问题
I am looking for a more efficient way of doing an operation with a given dataframe.
library(purrr)
library(dplyr)
Here is a step by step description:
First, there is the function possible_matches
, that for each observation i
in df
, gives the index of rows that are possibly matchable to i
, which are going to be used on the next step:
possible_matches <- function(i, df) {
k1 <- df$j[df$id_0 == df$id_0[i]]
j2 <- setdiff(df$j, k1)
k2 <- map(j2, ~ df$j[df$id_0[.] == df$id_0])
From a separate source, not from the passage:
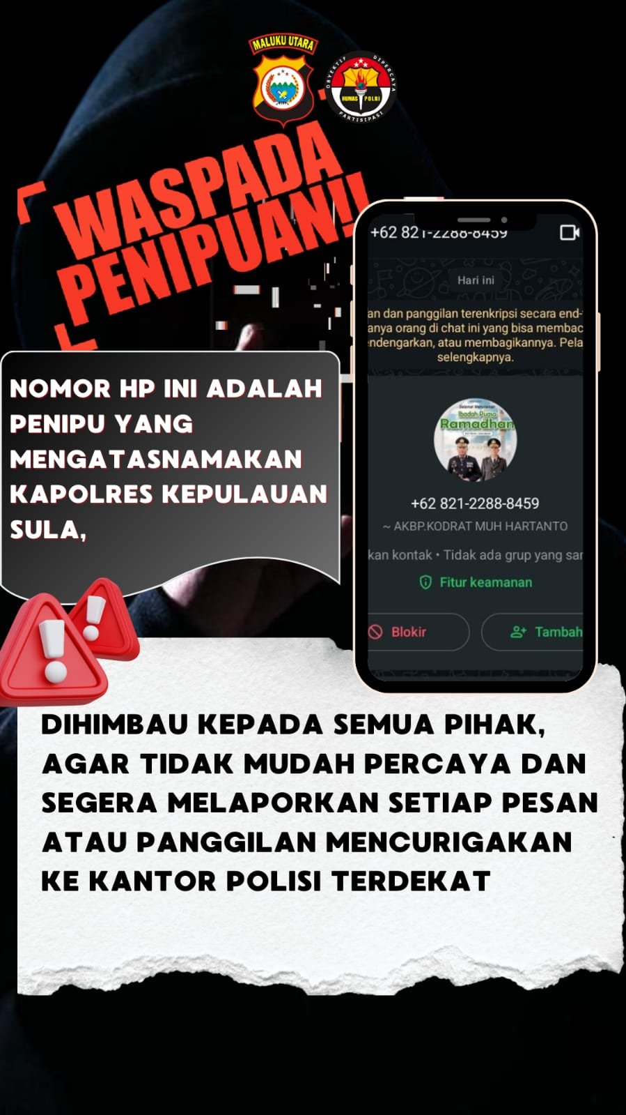 HUMAS POLRES SULA — Masyarakat Kabupaten Kepulauan Sula diimbau untuk meningkatkan kewaspadaan terhadap modus penipuan yang mengatasnamakan pejabat di lingkungan Polres Kepulauan Sula.

k3 <- map(k2, ~ map(.x, ~ df$j[df$Year[k1] == df$Year[.] &
df$Quarter[k1] == df$Quarter[.]]
) %>% unlist(.))
k4 <- map(k3, ~ length(.) == 0) %>% unlist()
j2[k4]
}
Basically, it takes all rows with the same id
to i
, and then filter some out according to some criteria. This function is used inside function match1
, which loops through all rows given by possible_matches
, filtering out more of them according to some other criteria (simplified here):
match_1 <- function(i, df) {
j <- possible_matches(i, df)
if (is_empty(j)) {
out <- i
} else {
g1 <-
abs(df$V2009[i] - df$V2009[j]) <= 5
out <- ifelse(!g1, i, j[g1])
}
return(out)
}
Since match1
possibly returns multiple observations per row, I have to try to group all paired ones as much as I can. I do this by defining:
modes <- function(x, y) {
ux <- unique(x)
tab <- tabulate(match(y, ux))
ux[tab == max(tab)]
}
Running it inside function equalize_indices
, which also splits df
into groups so that there is no looping through unnecessary rows:
equalize_indices <- function(df, prev_id) {
df1 <- df %>%
group_split()
w <- df1 %>%
map(~ .x %>%
nrow() %>%
seq())
df1 <- map(df1, ~.x %>%
mutate(j = row_number())
)
x <- map2(w, df1, ~ map(.x, match_1, df = .y))
z <- map(x, function(x){
map(x, ~ modes(., x) %>%
min(.))
})
df3 <- map2(df1, z, ~.x %>%
mutate(index = .y) %>%
group_by(index) %>%
mutate(index = min({{prev_id}})) %>%
select(-j)
)
df <- bind_rows(df3)
return(df)
}
EDIT Finally, here is some larger data with the expected output:
set.seed(1)
DF <- data.frame(
UPA = 1,
Quarter = sample(1:4, 8, replace = TRUE),
Year = sample(2010:2015, 8, replace = TRUE),
id_0 = sample(2:10, 8, replace = TRUE),
V2009 = c(19, 22, 17, 10, 37, 19, 22, 17)
) %>%
group_by(UPA)
DF %>%
equalize_indices(prev_id = id_0)
Here is my question: it takes too long to run this procedure with a data frame with 25k rows (about 30 min) using more conditionalities. Why is this? Is there some way to turn the process faster? This needs to be scalable to very large data frames. I know looping may take time, but by using group_split
inside equalize_indices
, I can turn the loops smaller.
How can I optimize this procedure? - It basically is a process splitting a dataset, eliminating unmatchable observations to each row, picking the most common matched index for each row, and then binding the rows again.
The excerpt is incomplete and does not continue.